Mau Mau

Dea

2006 (Mescal) | world, afro-cuban

Mau Mau (dal nome del movimento indipendentista keniota sorto nel 1948, ndr ) è il progetto post-Loschi Dezi di Luca Morino, Fabio Barovero e Bienvenu Nsongan, con base a Torino. Con i loro album (a partire dallo storico “Sauta Rabel”, 1992, preceduto dal mini “Soma la Macia”, fino ad arrivare alla raccolta “Marasma General” del 2001), il combo ha progressivamente consolidato e rifinito il loro posizionamento, già peraltro molto chiaro fin dagli esordi, all’interno del rock italiano. Tra intenti programmatici, progetti musicali ed extra-musicali (notevole l’impegno cinematografico e letterario del frontman Morino, oltre alle parallele Banda Ionica e Banda Maulera), e contaminazioni artistico-culturali, il patchanka dei Mau Mau approda a “Dea”.
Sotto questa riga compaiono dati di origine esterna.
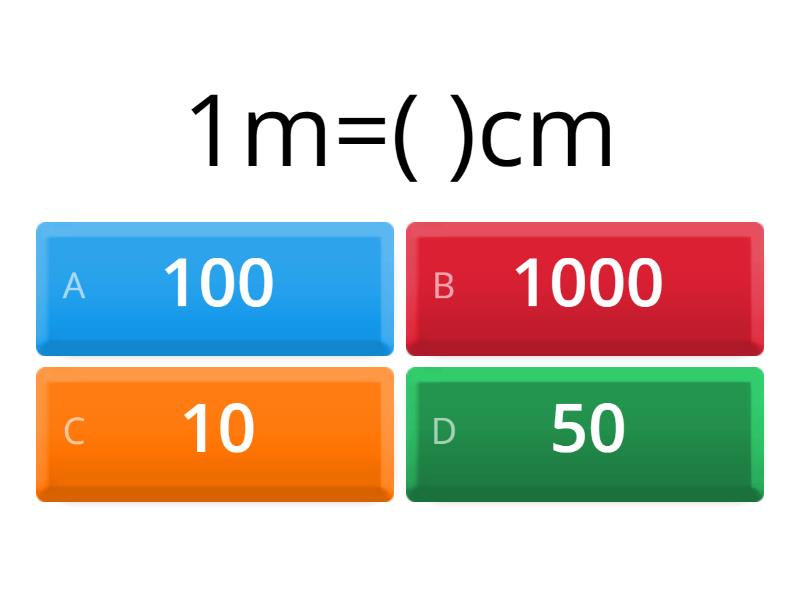 1) 1m=( )cm a) 100 b) 1000 c) 10 d) 50 2) 1m=( )mm a) 1000 b) 100 c) 10 d) 50 3) 15m=( )cm a) 15 b) 150 c) 1500 d) 15000 4) 240mm=( )cm a) 24 b) 240 c) 2400 d) 24000 5) 1m5mm+2m4mm=( ) a) 3m9mm b) 4m4mm c) 5m 2mm d) 15m 24mm 6) 2cm-20mm=( ) a) 0 b) 10 c) 20 d) 200 7) 2cm5mm=( )mm a) 25 b) 26 c) 27 d) 28 8) 1m2cm=( )cm a) 102 b) 120 c) 201 d) 12 9) 5cm2mm=( )mm a) 52 b) 25 c) 520 d) 10 10) 6cm5mm- 5cm6mm=( )mm a) 10 b) 9 c) 8 d) 7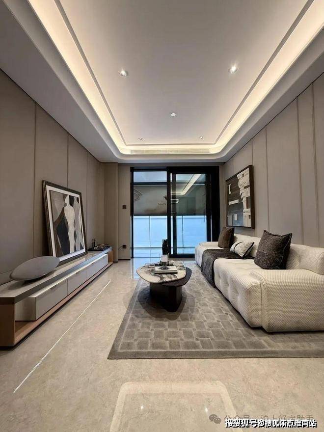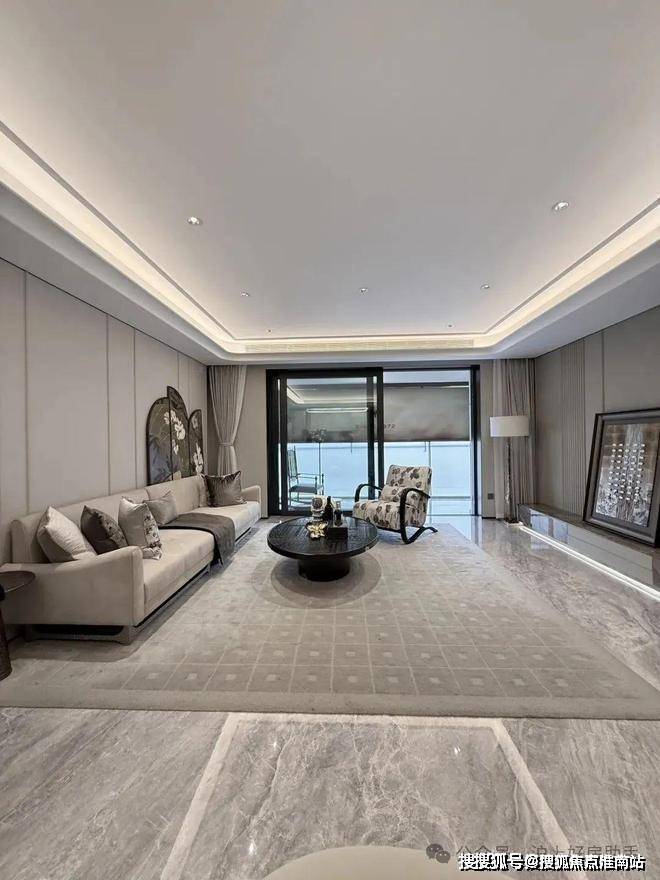 电视背景墙采用卡慕白的石材+皮革造型,弧形吊顶,相当讲究,连空调出风口的形状都打造为海上·清和玺logo山茶花的形状~~三大件为大金(或同等档次)中央空调和地暖,新风系统为百朗(或同等档次),南向阔景阳台,采光视野一级棒!

Ormai espunte in via definitiva le intromissioni dialettali, Morino e compagnia si danno con cognizione di causa ai richiami etno-cubani (“Dea”), alle fisarmoniche folk-minimaliste di Tiersen e ai fiati spavaldi Bregovic-iani (“Mia macchina Mercedes” e “Il treno del sole”), alle serenate sornione di Conte (“Cartoline”), gli attacchi ritmici brazil (“Cannibal”), fino al posse-rock dubedelico Shaggy-oriented (“La casa brucia”). Tutto in ordine, tutto orientato alla ballabilità da festival estivo, pure rifinito da qualche tocco d’elettronica in post-produzione: vedasi l’inciso di fisarmonica dell’ incipit di “Da qui ai Caraibi”, o la stessa “Cannibal”, o le tastiere lounge di “Can anrabià”, o le sparute rielaborazioni della conclusiva “Bentornata nel campo” su base bossa-dub e misture Manu Chao/Africa Unite.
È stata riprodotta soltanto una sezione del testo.